Kazuya Nishimura, Kuniaki Saito, Tosho Hirasawa, Yoshitaka Ushiku
- Code to process STRoGeNS arXiv
- Code to process conference proceedings
- Code for comparisons
- Code for metrics evaluation
About dataset
Dataset | Pairs | Words | Words (Output) | Input Doc (Num) | #Para. |
---|---|---|---|---|---|
Multi-XScience | 40,528 | 778.1 | 116.4 | 4.4 | 1 |
S2ORC | 136,655 | 1067.4 | 148.7 | 5.0 | 1 |
Delve | 78,927 | 622.6 | 228.6 | 3.7 | 1 |
TAS2 | 117,700 | 1036.0 | 134.8 | 4.8 | 1 |
TAD | 218,255 | 1071.4 | 162.3 | 5.2 | 1 |
BigSurvey-MDS | 4,478 | 11,893.1 | 1,051.7 | 76.3 | 1 |
SciReviewGen | 10,130 | 11,734.4 | 7,193.8 | 68.1 | 1 |
STRoGeNS-arXiv22 (Ours) | 85,853 | 3,046.2 | 514.3 | 16.6 | 4.22 |
STRoGeNS-conf22 (Ours) | 15,079 | 3,669.1 | 508.5 | 20.4 | 4.27 |
STRoGeNS-conf23 (Ours) | 4,762 | 4,836.6 | 504.6 | 25.7 | 4.04 |
Data format
[
"title": "{title}",
"abstract": "{abst}",
"related_work": "{related work}",
"cited": {
"[1]": {
"title": "{ref_1:title}",
"abstract": "{ref_1:abst}",
},
...,
"[N]": {
"title": "{ref_N:title}",
"abstract": "{ref_N:abst}",
}
]
Comming soon
Requirements
-
NVIDIA Driver >= 535
-
LLAMA2 permittion
Please refer https://huggingface.co/meta-llama/Llama-2-7b
-
API KEY for semantic scholar
See https://www.semanticscholar.org/product/api#api-key for the details.

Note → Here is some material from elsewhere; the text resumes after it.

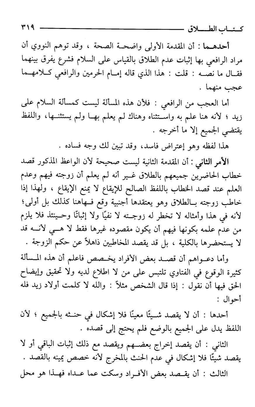 أحدهما: أن المقدمة الأولى واضحة الصحة، وقد توهم النووي أن مراد الرافعي بها إثبات عدم الطلاق بالقياس على السلام فشرع يفرق بينهما فقال ما نصه: قلت: هذا الذي قاله إمام الحرمين والرافعي كلامهما عجب منهما.

*Please replace {S2APIKEY} to token in line 14 of unarxiv_add_ref_info.py and line 14 of conf_add_ref_info.py.
-
API KEY for GPT See https://openai.com/index/openai-api/ for the details.
*Please replace {GPT_API_KEY} to token in line 12 of accuracy_eval.py, line 12 of novelty_eval.py, and line 18 of gpt_estimation.py.
git clone https://github.com/omron-sinicx/STRoGeNS.git
cd STRoGeNS
bash ./docker/build.sh
bash ./docker/run.sh
bash ./docker/exec.sh
huggingface-cli login
*Our environment does not follow nougat environment. To use nougat, please follow nougat docs.
Unfortunately, due to licensing issues, we are unable to release all of the datasets we have created. We release a part of STRoGeNS-arXiv22 consisting of articles with an open license. To generate the entire dataset, we release the processing code that handles the process of creating the datasets.
STRoGENS-arXiv22
See the download instruction of https://github.com/IllDepence/unarXive
Decompress the xz file by following command.
tar -xvf unarXive_230324_open_subset.tar.xz
Put expand files on ./data/STRoGeNS-arXiv22/rawdata
Folder Structure
data/STRoGeNS-arXiv22
├── rawdata
| ├── 00
| | |- arXiv_src_0005_001.jsonl
| | ...
| |- 01
| ...
│ - re
└──rw
└
scripts/preproc/arxiv2022_processing.sh
Individual pre-processing codes
Execute each processing.
python ./preprocessing/arxiv_dataset/unarxiv_title_ext.py \
--data_dir data/STRoGeNS-arXiv22/rawdata \
--output_path data/STRoGeNS-arXiv22/rw --log_dir {logs_directory}\
--n_dir 0 # to start intermediate directory. start from n-th file
Please set S2_API_KEY = "{S2APIKEY}" in line 14 of unarxiv_add_ref_info.py. See https://www.semanticscholar.org/product/api#api-key for the details.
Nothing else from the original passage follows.